DESCRIPTION OF EMBODIMENTS

[0025] The following descriptions are exemplary implementation manners of embodiments of the present application. It should be noted that a person of ordinary skill in the art may make several improvements and polishing without departing from the principle of the embodiments of the present application, and the improvements and polishing shall fall within the protection scope of the embodiments of the present application.

[0026] In a current terminal application, some types of files, for example, a picture file, are not protected by an explicit system permission on some systems, but the files are obviously of a same type, in this case, it may be considered that the files are protected by a same special "picture reading" (permissions.READ_PICTURES) permission, and all APPs have this permission by default. Generally, most items (such as most contacts or most photos) of a type of personal data are not particularly sensitive (such as general contacts and general landscape photos), but some data items, for example, records of some special contacts such as a superior, a business partner, a politician, or another public person or friend in an address book, records of short message service messages and phone calls for communicating with the foregoing special sensitive contacts in short message service message records and call records, family photos, and the like, may be quite sensitive.
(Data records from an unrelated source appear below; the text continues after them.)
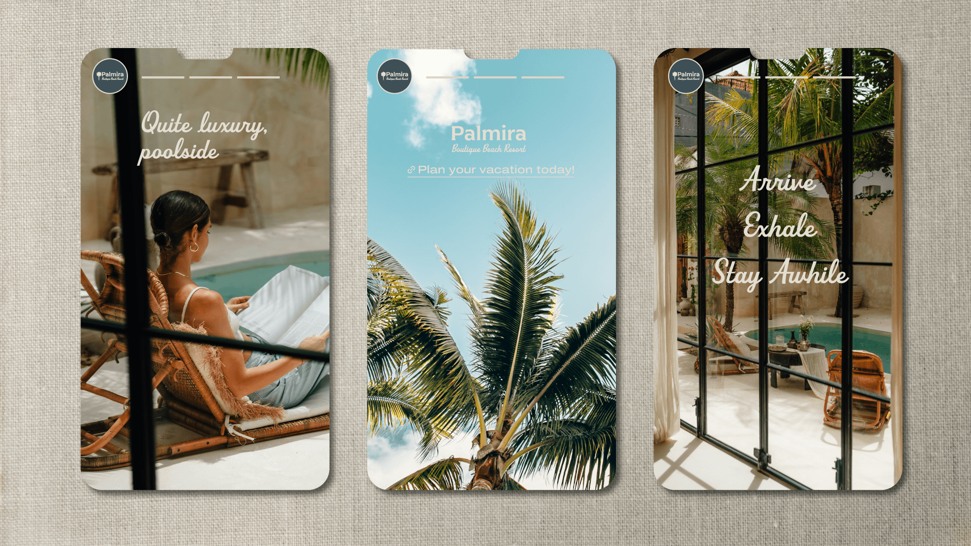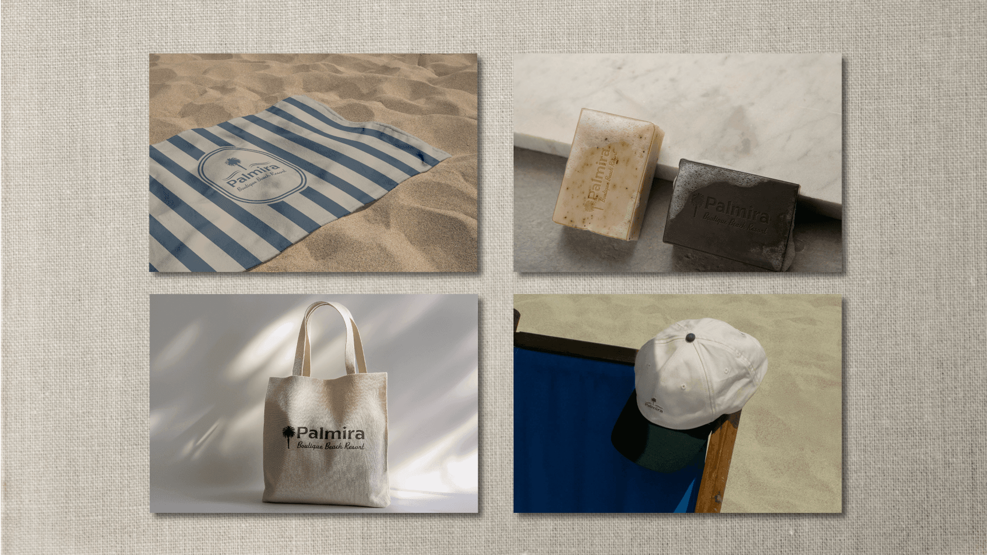 The brand identity created balances luxury with approachability, combining a soft, modern aesthetic with coastal influences. Through a relaxed yet elevated visual tone, the branding creates an inviting atmosphere that reflects Palmira as a serene coastal escape; elevated yet effortless. A strong social media presence was designed, keycards, various hotel items such as towels and soap all convey the modern costal living, the experience Palmira aims to provide guests.
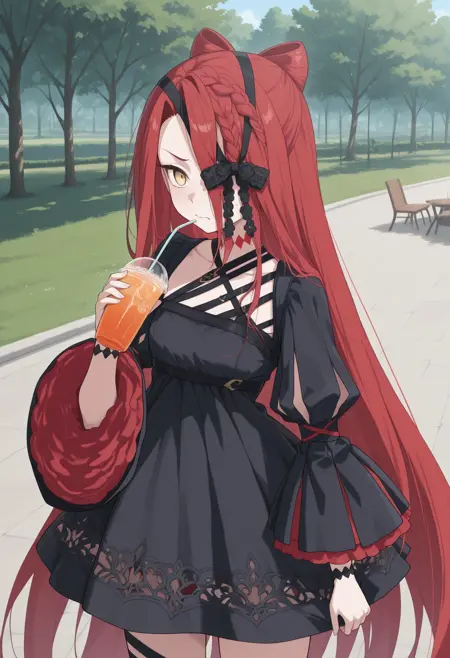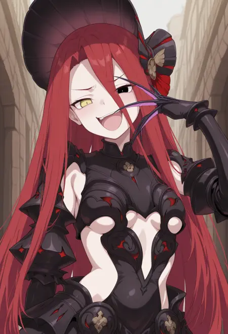 Original Goth: heterochromia, yellow eyes, black eyes, red hair, very long hair, bonnet, armored dress,underboob, belly cutout, armor, skirt
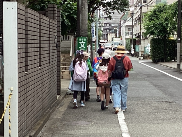 4年1組と2組が総合の学習「もっと安全瀬田の町」でフィールドワークにでかけました。
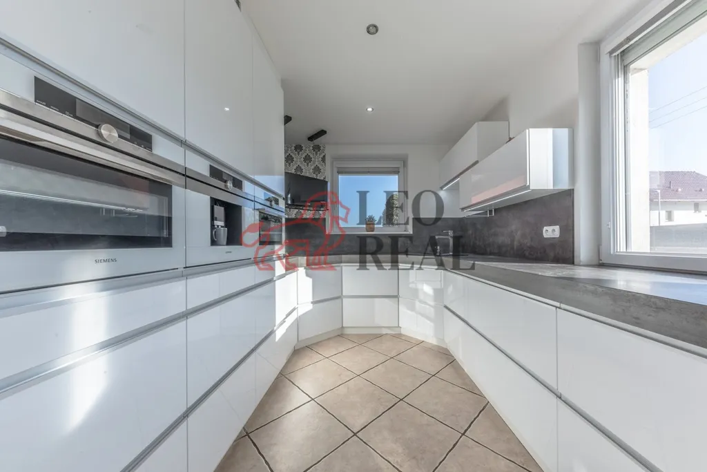 Kuchyně je plně vybavena nejmodernějšími spotřebiči značky Siemens, včetně indukční varné desky, vestavné trouby, myčky nádobí a lednice. Kuchyňská linka je vyrobena z kvalitních materiálů a nabízí dostatek úložného prostoru.
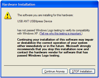 Re-installing the ANTUSB1 drivers is not always a trivial procedure. To do this properly, the old ANTUSB1 driver must first be completely removed from the system. Unfortunately, this is not as easy as uninstalling the driver via Device Manager. To completely remove the ANTUSB1 driver in Windows XP, please follow the technical note “Uninstalling USB1 Drivers” . Once the old drivers are completely removed, the new drivers may be installed using the standard procedure.
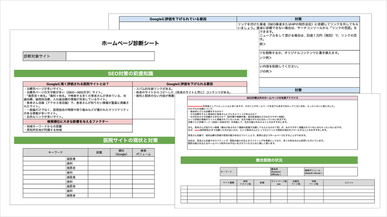 ご相談いただいた先生には、「ホームページ診断」や「SEO診断」、「医療広告ガイドライン診断」等の無料提供も行っています。
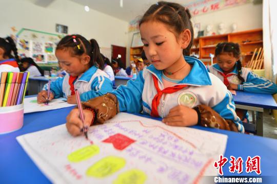 9月22日,西藏拉萨尼木县一小学学生在上美术课。 江飞波 摄
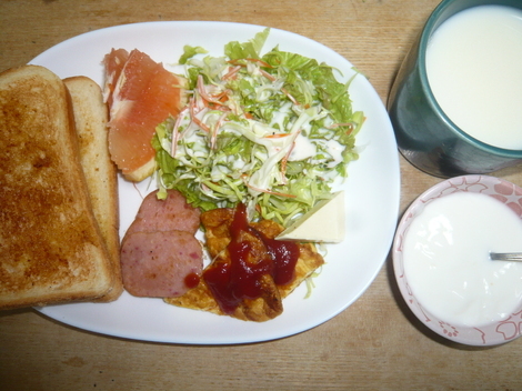 ■今日のおうちごはんは何?写真があればぜひシェアしてね!今日の朝食はグレープフルーツ、サラダ、チーズ、ハムソテー、卵焼き、トースト、ヨーグルト、ミルク
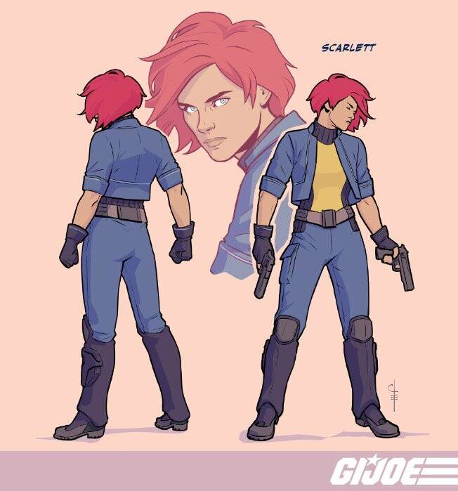 Very brief #GIJonday today, since I have a rewrite pile-up! Here's a closer look at SCARLETT and DUKE. From my notes to Chris on Scarlett: "Head instructor of #GIJoe, w/Duke. Scarlett is tough, incredibly well-trained and has an undertone of rage that she keeps in careful check."
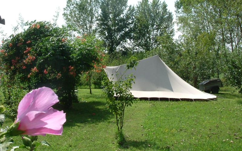 Area attrezzata all'interno dell'agriturismo Cascina Campora, 3 posti camper su fondo in erba dotati di allacciamento elettrico, carico/scarico acqua e servizi igienici con docce calde, lavandini e lavatrici. Animali domestici ammessi. A pochi metri offre un'area giochi per i più piccoli. Apertura annuale, su prenotazione.
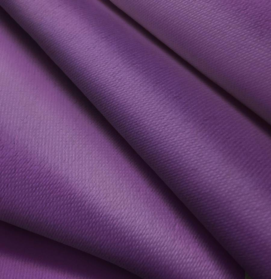 La tela base es la Lona Oscurante - White Out, un tejido técnico de 100% poliéster con un gramaje de 218 gr/m2 y un ancho de 160 cm. El color liso impreso es Morado Imperial, con un CMYK de 72 93 24 13. Este color es un tono profundo, real y que transmite elegancia. Se combina especialmente bien con colores cálidos como el amarillo y el naranja, así como con tonos neutros como el gris o el blanco.

[0027] In most cases, an APP running on a terminal needs to read some information items (such as some contacts, some short message service messages, and some photos) of one type of or several types of personal data on the terminal in order to perform a normal service function. For example, WECHAT needs to read a mobile phone address book of a user to search for a friend for the user, and many social applications need to read some pictures in a user terminal in order to perform sharing. Currently, an APP on a terminal applies for various access permissions (for example, a permission to read an address book) during installation. If a user wants to use the APP, the user needs to agree to grant the access permissions applied for by the APP. Once a corresponding permission is obtained, the APP may read all items of one type of or several types of personal data without limitation. For example, once an Android.permission.READ_CONTACTS permission is granted to an APP, the APP can read all contacts in an address book and all call records at will, or once an android.permission.READ_SMS permission is granted to an APP, the APP can read all short message service message records at will, or if an APP obtains a com.android.browser.permission.READ_HISTORY_BOOKMARKS permission, the APP can access and read a browser history. However, an APP generally does not need to read all personal data items. For example, most end users generally do not add a superior or a business partner in address books of the end users as a WECHAT friend, many geographic position--based applications support an address book--based geographic position sharing function, but a user generally does not perform position sharing with parents, a superior, and the like in an address books, TAOBAO needs to read a short message service message from a specified platform to acquire a verification code, with no need to read another short message service message record.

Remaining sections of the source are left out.